Optimize Range Index Column Order
When creating composite indexes that combine range and equality conditions, use the “equality first, range second” principle. For example, if your query combines an exact match and a range:
-- Optimal: equality condition first, range condition second
CREATE INDEX FOR (p:Person) ON (p.department, p.salary)
-- Query benefits from ordered index traversal
MATCH (p:Person)
WHERE p.department = 'Engineering' AND p.salary >= 75000
RETURN p
This ordering allows the index scan to start with the specific department and then traverse only the relevant salary range within that department, minimizing the portion of the index that must be scanned.
The array and range indexing capabilities introduced in FalkorDB mark a significant leap forward in graph database technology. By solving long-standing challenges with list-based data structures, these features address a critical market need that has been overlooked for years. For developers and teams working with complex, multivalued data, FalkorDB now offers a uniquely powerful combination of performance, efficiency, and intuitive modeling.
FAQ
How does array indexing differ from traditional graph traversal for filtering?

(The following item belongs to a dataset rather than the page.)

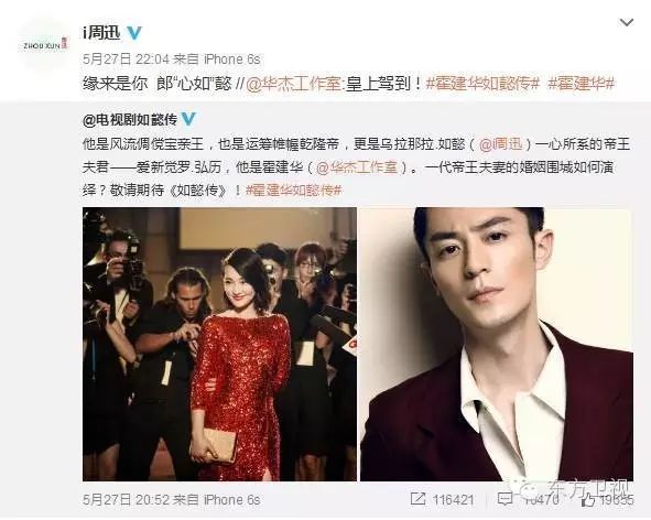 而在《如懿传》官方微博公布了这一消息后,霍建华的经纪方华杰工作室也替没有微博的“老干部”证实了这一消息,该微博转发了《如懿传》官博的微博,并俏皮的称:“皇上驾到!”困扰了网友许久的《如懿传》人选问题,终于水落石出。

Array indexing enables direct O(log n) lookups by treating each array element as an individual index key, avoiding O(n) full scans that check every node’s array property.
What query patterns benefit most from range indexing in FalkorDB?
Inequality filters (age >= 25), sorted retrieval, time-series bounds, geospatial distance queries, and aggregations over numeric ranges see 10-100x speedups via binary search.
Can I index nested arrays or complex objects in FalkorDB?
No. Range and array indexes support scalar types only: integers, floats, strings, and geospatial points. Nested structures require flattening before indexing.